Tuesday, 27 March 2007

A small selection of luncheon wines

At a typical Saturday blind tasting lunch recently I served the following. Well, I should say that the following bottles were consumed at a lunch hosted by me - some were brought by my delightful guests, my former blind tasting teammates.

1992 Reinhold Haart Piersporter Goldtropfschen Kabinett Riesling (Mosel)
I acquired this for a mere £10 at a bin-end sale. £10! I would gladly have paid £30 of somebody else's money to purchase this wine. The nose leaps out of the glass, as if it was a year old (Sarah thought it was a 2003!) - petrol, grapefruit, lime, and clean as a whistle. The palate is bracing, lime driven, with matronly acidity, the tiniest hint of sherbet and and extraordinarily long, minerally finish. A stunning wine. I could have this wine for breakfast.

2004 Henri Milan "Le Grand Blanc" (Grenache Blanc/Rolle, St-Remy-de-Provence)
Just when you were getting bored, here comes this wine! The consensus was that if we had been blindfolded, we would have thought it was red. An intriguing nose of dried herbs - rosemary, thyme, oregano and mint. The palate is minty and very herbaceous and it wouldn't even be out of place to say the wine had tannins! Very unusual.
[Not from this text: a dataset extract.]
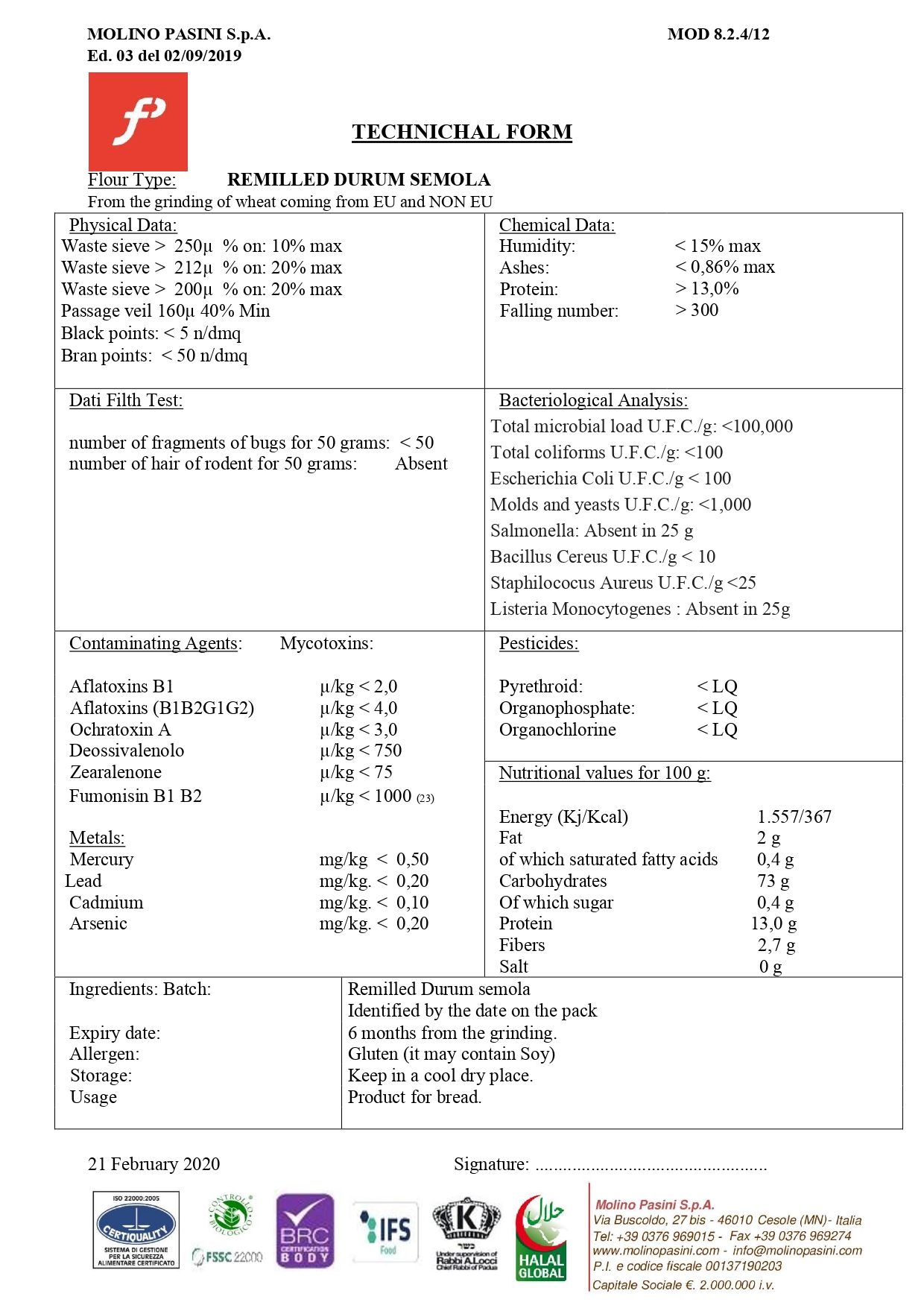 Molino Pasini Semola Rimacinata je špičková talianska múka vyrobená z najkvalitnejšej tvrdej pšenice. Táto múka je špeciálne upravená jemným mletím, čo jej dodáva ideálnu konzistenciu a jemnú textúru, perfektnú na výrobu tradičných talianskych cestovín, focaccie a chleba, alebo ako skvelý podsyp pri príprave pizze.

1990 Bourgueil Cuvee Prestige
Such a nice wine, it's hard to admit that it's a cabernet franc. Leafy, tobacco nose, almost left-Bank Bordeaux in character. Elegant red fruit palate, with a fine tannin finish.

2004 EQ Syrah (Chile)
By this stage we were eating rare roast beef. The debate raged over whether it was a grenache/shiraz blend from the Rhone, or a cabernet from Chile. Anyone should know that a debate like that can only end one way - it's a Syrah from Chile. And who would trust Piers to bring anything not from South America? A powerful, juicy, well balanced wine.

2003 Altavins Domus Pensi Terra Alta (Grenache/Syrah, Catalonia)
Jammy fruit on the nose with dark chocolate and even a hint of mint. Palate is full and chocolatey, supported by red fruits. Firm tannins, full body, well made. Will age.

2003 Nerojbleo Nero d'Alvola (Sicily)
The nose leads with anise and black jelly-babies, following with brambly black fruit. The palate begins a little sweet, full red and black jammy fruits. At this point you might think it was a Zinfandel. But then it goes tits up with a mouthful of tannins as gripping as nonna's farewell hug last Christmas. And then you know you're in Sicily.

2005 Les Amis de la Bouissiere (Grenache/Syrah/Merlot, Cotes du Rhone)
Now this is a shit hot wine for £9. I defy anyone to find such a powerful, well-balanced, mouth-filling, moreish, elegant, complex wine for the price. Superb.

1996 Chateau les Ormes de Pez (St Estephe)
Now you're talking. Classic Bordeaux nose - olives, tobacco and cedar. Powerful palate of black fruits - well balanced and delightfully mature. To think that Sarah had the audacity to claim it was slightly oxidised. I don't care whether she's been working vintages across Europe for the last 3 months. Her glass should have been confiscated immediately.

2000 Chateau Cormeil Figeac (St Emilion)
By this stage I was a bit drunk to be taking proper notes, but it was bloody lovely.

2005 Magnotta Vidal Ice Wine (Lake Erie North Shore, Canada)
Who cares really - aren't all sweet wines the same? It was sweet. And looked orange.

2004 Domaine Sauveroy Coteaux du Layon
Not as horrible as I might have thought. Less sweet than the Ice Wine - it should have come first. But that's the problem when you're tasting blind.

NV LeNoble Brut Intense
OK, so we had run out of wine so I opened this bottle, which I had won in an advocacy competition a couple of weeks previously. It was chilled, and by this stage we were a little too pissed to care. Alun had fallen asleep and Janet and I just needed to rinse our mouths out a bit. It actually wasn't too bad for something I was initially suspicious of.